● Directions for this task
Repeat the lines from the line with "表1 二十大及中央經濟工作會議相關經濟議題論述" to the line with "陈伟首先对《中国共产党普通高" in the listing below, keeping both end lines and adding nothing.

● Listed records
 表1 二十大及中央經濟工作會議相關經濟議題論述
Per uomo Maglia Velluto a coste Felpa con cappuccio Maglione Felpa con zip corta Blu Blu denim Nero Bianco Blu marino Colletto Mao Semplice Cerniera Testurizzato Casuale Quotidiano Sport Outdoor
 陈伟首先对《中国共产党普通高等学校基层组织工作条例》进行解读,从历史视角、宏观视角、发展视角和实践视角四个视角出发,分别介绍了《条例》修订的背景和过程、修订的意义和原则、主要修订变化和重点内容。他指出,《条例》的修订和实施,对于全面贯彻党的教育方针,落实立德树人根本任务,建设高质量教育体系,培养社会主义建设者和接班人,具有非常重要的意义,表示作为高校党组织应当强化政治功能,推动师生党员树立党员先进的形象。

==

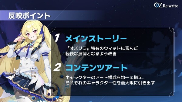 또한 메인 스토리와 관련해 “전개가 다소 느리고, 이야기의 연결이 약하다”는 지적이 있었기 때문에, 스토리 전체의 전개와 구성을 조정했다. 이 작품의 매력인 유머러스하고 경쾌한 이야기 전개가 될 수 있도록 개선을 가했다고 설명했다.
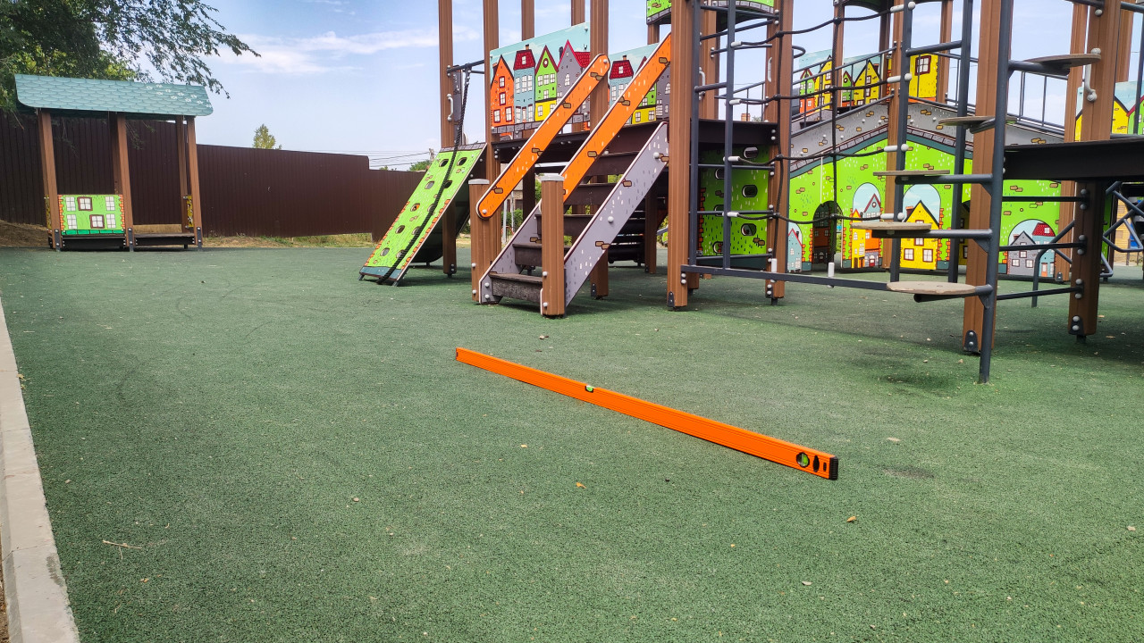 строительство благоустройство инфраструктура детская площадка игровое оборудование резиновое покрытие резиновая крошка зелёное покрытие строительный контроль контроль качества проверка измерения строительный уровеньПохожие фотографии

● Exercise answer
 表1 二十大及中央經濟工作會議相關經濟議題論述
Per uomo Maglia Velluto a coste Felpa con cappuccio Maglione Felpa con zip corta Blu Blu denim Nero Bianco Blu marino Colletto Mao Semplice Cerniera Testurizzato Casuale Quotidiano Sport Outdoor
 陈伟首先对《中国共产党普通高等学校基层组织工作条例》进行解读,从历史视角、宏观视角、发展视角和实践视角四个视角出发,分别介绍了《条例》修订的背景和过程、修订的意义和原则、主要修订变化和重点内容。他指出,《条例》的修订和实施,对于全面贯彻党的教育方针,落实立德树人根本任务,建设高质量教育体系,培养社会主义建设者和接班人,具有非常重要的意义,表示作为高校党组织应当强化政治功能,推动师生党员树立党员先进的形象。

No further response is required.